The story of COVID-19
COVID-19 resembles these other outbreaks and pandemics

COVID-19 resembles these other outbreaks and pandemics, but the news stories about it seem to have a distinctively numerical quality. The number of known infections in a particular place over a period of time gives an index of the transmissibility of an infection. Mortality rates – a measure of the proportion of people that die with an infection – are also woven into pandemic stories, in general. But COVID-19’s numbers seem to be its story. News feeds continually update the counts of diagnoses and deaths, and have numerically tracked the contagion from a supposed source in China to other countries, notably South Korea, Iran and Italy, and then to most other parts of the world.
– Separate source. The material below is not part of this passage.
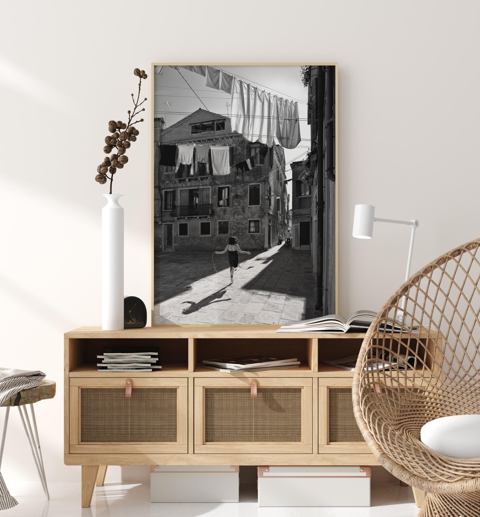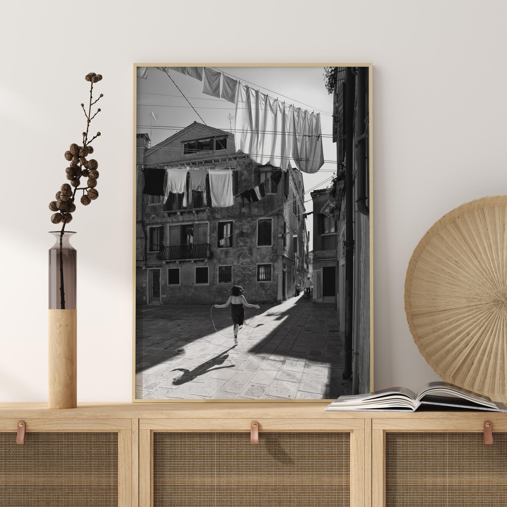 Nádherný plakát s mladou dívkou skákající přes švihadlo mezi domy a prádlem. Světlý sluneční paprsek ji zasáhne a vrhá její stín za ní. Dodejte svému domovu pocit nevinného úžasu pomocí tohoto obrázku.

This pandemic by numbers approach charts the particular transmissibility and severity of this virus, but also lends itself to our increasingly complex small-screen media diet, where numbers and graphs alongside images and videos more easily convey the COVID-19 story than do long form narrative texts.
COVID-19 also comes into a context where public health systems have increasingly turned to mathematical models to make decisions about how to manage various infections, notably HIV and influenza. Models are used to decide how to apply resources and strategies to best effect. For example, modelling has shown how HIV can be prevented by HIV treatments, because they reduce the likelihood of the transmission of the virus. For influenza, models are used to calculate what proportion of the population needs to be vaccinated to protect the whole population from an emerging infection. These models can be adjusted to fit what is known about the biosocial properties of a particular infection, the efficacy of treatments and vaccines, and cost. In the case of COVID-19, for example, models may be indicating that containment will reduce the speed and scope of transmission and therefore reduce mortality, the burden on the health system, and ultimately the cost for governments. COVID-19 may be a fully-fledged algorithmic pandemic in the sense that its storyline is transparently about its numbers and because it is managed in terms of the models that combine numerical indices of transmission, mortality, burden, and cost.
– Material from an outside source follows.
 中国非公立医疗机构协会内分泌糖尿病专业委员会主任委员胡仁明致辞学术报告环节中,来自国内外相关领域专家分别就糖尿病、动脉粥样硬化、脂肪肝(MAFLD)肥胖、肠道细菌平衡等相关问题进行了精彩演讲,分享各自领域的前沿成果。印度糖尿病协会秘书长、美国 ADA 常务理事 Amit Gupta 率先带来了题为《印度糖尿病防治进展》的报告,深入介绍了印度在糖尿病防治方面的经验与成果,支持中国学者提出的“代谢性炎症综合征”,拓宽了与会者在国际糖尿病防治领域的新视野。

Mathematical models and narratives also have a point of contact in relation to futures and pasts: they both offer means of trying to shape what might happen through action in the present guided by understandings of what has happened. Decision-makers want to know how to act now to reduce the future impact of a pandemic and models support these decisions by analysing pre-existing data about transmission, mortality, the benefits and costs of treatments, vaccines and containment, for example. Modelling, then, looks to what the future might be by assessing a pandemic’s past numbers. This is strictly true even during the course of a particular pandemic. Narratives on pandemic futures also recall the past, for example, through reference to the 1918-1919 influenza pandemic, swine flu in 2009, and other outbreaks, and on that basis orient the narrator and their interlocutors to possible futures. Public policy statements about containment requirements and news media vision of empty supermarket shelves both reflect action in the present that is predicated on pasts and aims to shape futures.
For all its life threatening, anxiety-making potential, though, the numerical narrative on COVID-19 is surprisingly impersonal. Stories of the many lives affected by the pandemic and the full tenor of its corporeal horrors are crowded out by governmental advice and updating of the numbers. One reason for this separation of pandemic knowing and lived experience is their incommensurability. Pandemics are constituted in the sheer scale and spread of their numbers, so much so that no one person can experience a pandemic without recourse to some signification of this calculated, collective plight. Infections, in contrast, are visceral and personal, including for those who devote themselves to providing care. Moreover, narrative arguably meets its limits in the experience of an infection because, like traumatic experience, living through a debilitating one is not an easy story to tell. Some accounts of how people experienced the 1918-1919 pandemic remark on the lack of affect, giving the impression that emotion was bracketed aside as irresponsible, impossible or even a luxury.
Numerical narrative, then, may not only be one of the ways we can know a pandemic is happening; it may provide the means of living with emerging threat. As they say, time – and numbers – will tell how things turn out for COVID-19.
Mark Davis is an associate professor in the School of Social Sciences at Monash University. He has published and co-edited books on the socio-cultural aspects of epidemics, including Sex, Technology and Public Health (Palgrave), HIV Treatment and Prevention Technologies in International Perspective (Palgrave), and Disclosure in Health and Illness (Routledge). His most recent book published by Oxford University Press, Pandemics, Publics, and Narrative is based on extensive research and interviews with those who lived through the 2009 H1N1 influenza (swine flu) outbreak.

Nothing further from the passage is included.